Field Data Types in Elasticsearch
Introduction
In Elasticsearch, fields in documents can have different data types. Properly configuring field data types is crucial for efficient storage, indexing, and querying of your data. This guide covers the various field data types available in Elasticsearch, along with their properties and examples.
1. String Data Types
Elasticsearch provides two main string data types:
- Text: Used for full-text search. It is analyzed and tokenized.
- Keyword: Used for structured search. It is not analyzed and is stored as is.
Example:
{ "mappings": { "properties": { "title": { "type": "text" }, "tags": { "type": "keyword" } } } }
2. Numeric Data Types
Numeric data types are used to store numerical values. They include:
- Integer: For whole numbers.
- Long: For larger whole numbers.
- Float: For single-precision floating-point numbers.
- Double: For double-precision floating-point numbers.
- Short: For small whole numbers.
- Byte: For very small whole numbers.
Example:
{ "mappings": { "properties": { "age": { "type": "integer" }, "price": { "type": "float" } } } }
3. Date Data Types
Date data types are used to store dates and times. Elasticsearch supports various date formats, including:
- Strict date optional time: The default format, e.g.,
yyyy-MM-dd'T'HH:mm:ss.SSSZ
. - Custom formats: You can define custom date formats using patterns.
Example:
{ "mappings": { "properties": { "created_at": { "type": "date" } } } }
You can also specify a custom format:
{ "mappings": { "properties": { "created_at": { "type": "date", "format": "yyyy/MM/dd HH:mm:ss" } } } }
4. Boolean Data Type
The boolean data type is used to store true
or false
values.
Example:
{ "mappings": { "properties": { "is_active": { "type": "boolean" } } } }
5. Binary Data Type
The binary data type is used to store binary data encoded as Base64 strings.
Example:
{ "mappings": { "properties": { "file_data": { "type": "binary" } } } }
6. Range Data Types
Range data types are used to store ranges of values. They include:
- Integer Range: For ranges of integer values.
- Float Range: For ranges of float values.
- Long Range: For ranges of long values.
- Double Range: For ranges of double values.

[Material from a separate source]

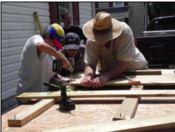
Teamwork, volunteers and power tools.

- Date Range: For ranges of dates.
Example:
{ "mappings": { "properties": { "price_range": { "type": "float_range" } } } }
7. Object Data Type
The object data type is used to store JSON objects. Fields within the object are indexed as separate fields.
Example:
{ "mappings": { "properties": { "address": { "type": "object", "properties": { "street": { "type": "text" }, "city": { "type": "text" } } } } } }
8. Nested Data Type
The nested data type is similar to the object data type but allows for querying nested objects independently.
Example:
{ "mappings": { "properties": { "comments": { "type": "nested", "properties": { "user": { "type": "text" }, "message": { "type": "text" } } } } } }
9. Geo Data Types
Geo data types are used to store geographical data. They include:
- Geo-point: For storing latitude and longitude.
- Geo-shape: For storing complex shapes like polygons.
Example (Geo-point):
{ "mappings": { "properties": { "location": { "type": "geo_point" } } } }
Example (Geo-shape):
{ "mappings": { "properties": { "area": { "type": "geo_shape" } } } }
10. IP Data Type
The IP data type is used to store IPv4 and IPv6 addresses.
Example:
{ "mappings": { "properties": { "ip_address": { "type": "ip" } } } }
Conclusion
Understanding and correctly using field data types in Elasticsearch is essential for designing efficient and effective search solutions. This guide covered the major data types and provided examples for each. Properly mapping your data will ensure optimal performance and accuracy in your Elasticsearch queries.